Marseille est un trou, il ne s'y passe rien, jamais.
L'équipe municipale est un ramassis d'escrocs occupés à dilapider ce que la mairie possède encore. Pour masquer une politique inexistante, des magouilles et un bilan catastrophique on se lance dans des projets délirants. Si on commençait par faire des transports en commun dignes de ce nom ?
J'habite à côté de Notre Dame de la Garde. Pas de bus après 8h, pas de bus le dimanche. En semaine un bus chaque demi-heure… Ils vont faire comment pour visiter la capitale européenne de la culture les visiteurs éventuels ?
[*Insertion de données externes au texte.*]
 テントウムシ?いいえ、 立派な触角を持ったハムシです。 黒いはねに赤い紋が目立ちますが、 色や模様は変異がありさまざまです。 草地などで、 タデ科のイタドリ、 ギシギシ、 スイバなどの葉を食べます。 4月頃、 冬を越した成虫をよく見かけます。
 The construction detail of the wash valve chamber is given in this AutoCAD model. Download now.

Marseille capitale de rien. C'est tout.
à Oister
De orange
16H47 | 08/09/2008 |
Salut, je te souhaite une des ces jours de quitter cette ville que tu considères comme un trou. c'est vrai que Marseille pour l'art et la culture ce n'est pas top. C'est pour ça qui mette le paquet publicitaire sur les calanques. Pourtant à Marseille il y a de bon artiste mais c'est dure de les dénicher tellement que la ville ne les considère pas. Mais pour t'avouer franchement c'est vrai que je trouve cette ville morte et sale.
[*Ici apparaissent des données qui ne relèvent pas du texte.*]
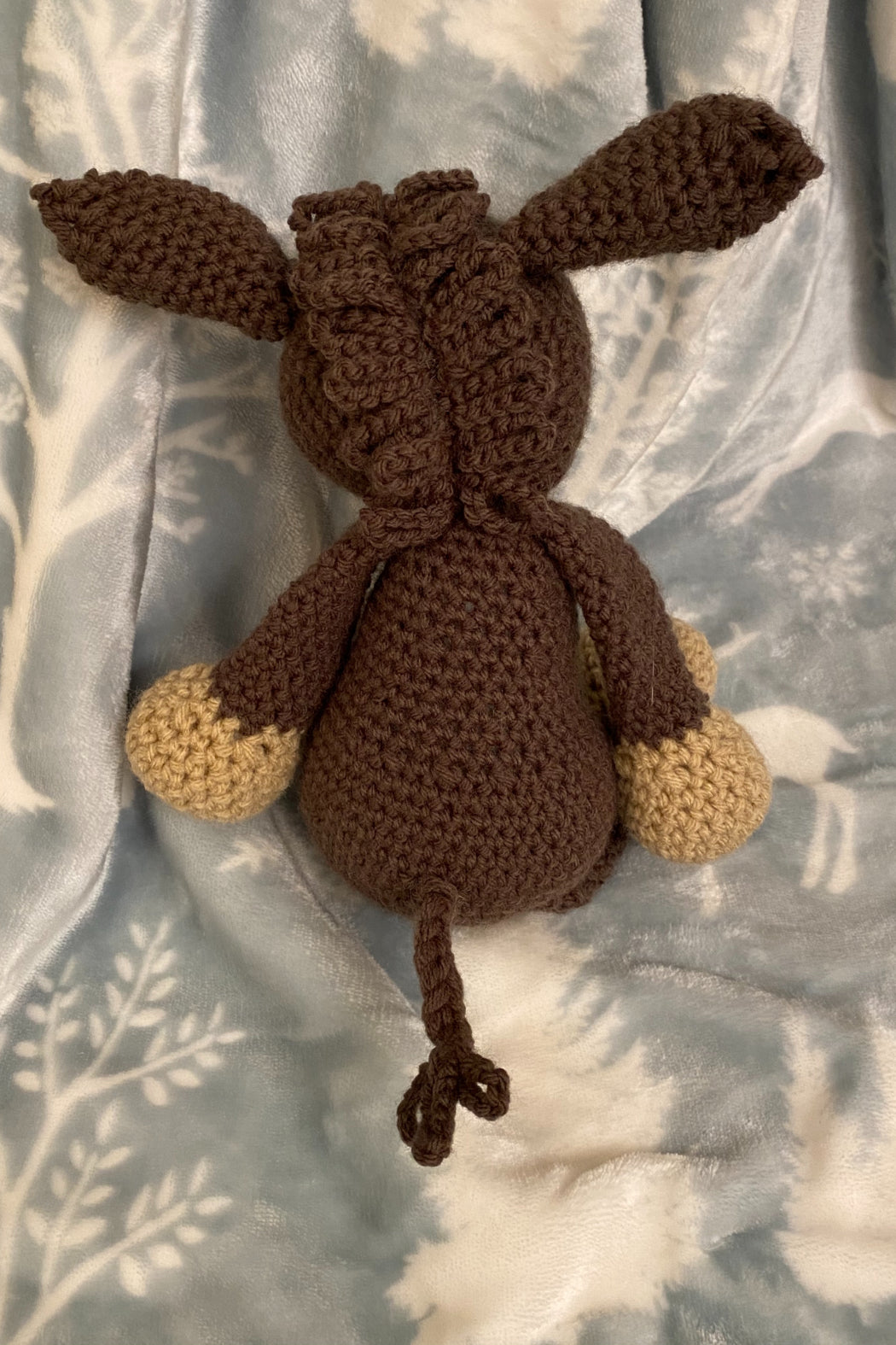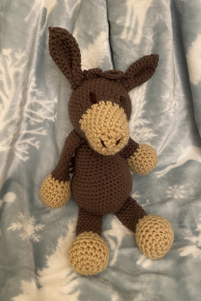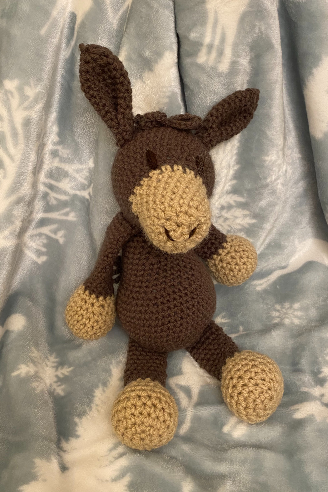 Handmade crochet donkey stuffed animal. 15-18 inches long.

Pourtant elle est pleine de jeune mais il semblerait qu'il y a une culture de mise à l'écart de la jeunesse.
Marseille ne mérite pas du tout le statue de ville de culture.
bien à toi
De orange
16H39 | 08/09/2008 |
Il est dommage que l'histoire de l'enfant agressé à Paris est pris le dessus sur cet article.
De jma14
18H20 | 08/09/2008 |
Pour qu'il y ai de la culture à Marseille, il faudrai qu'il y ai des spectateurs. C'est à dire de l'argent et un minimum « d'intellectuel » hors Marseille en est dépourvu.
En tout cas cela fait bien rire, les « expatriés » à Marseille (où les anciens, que je suis).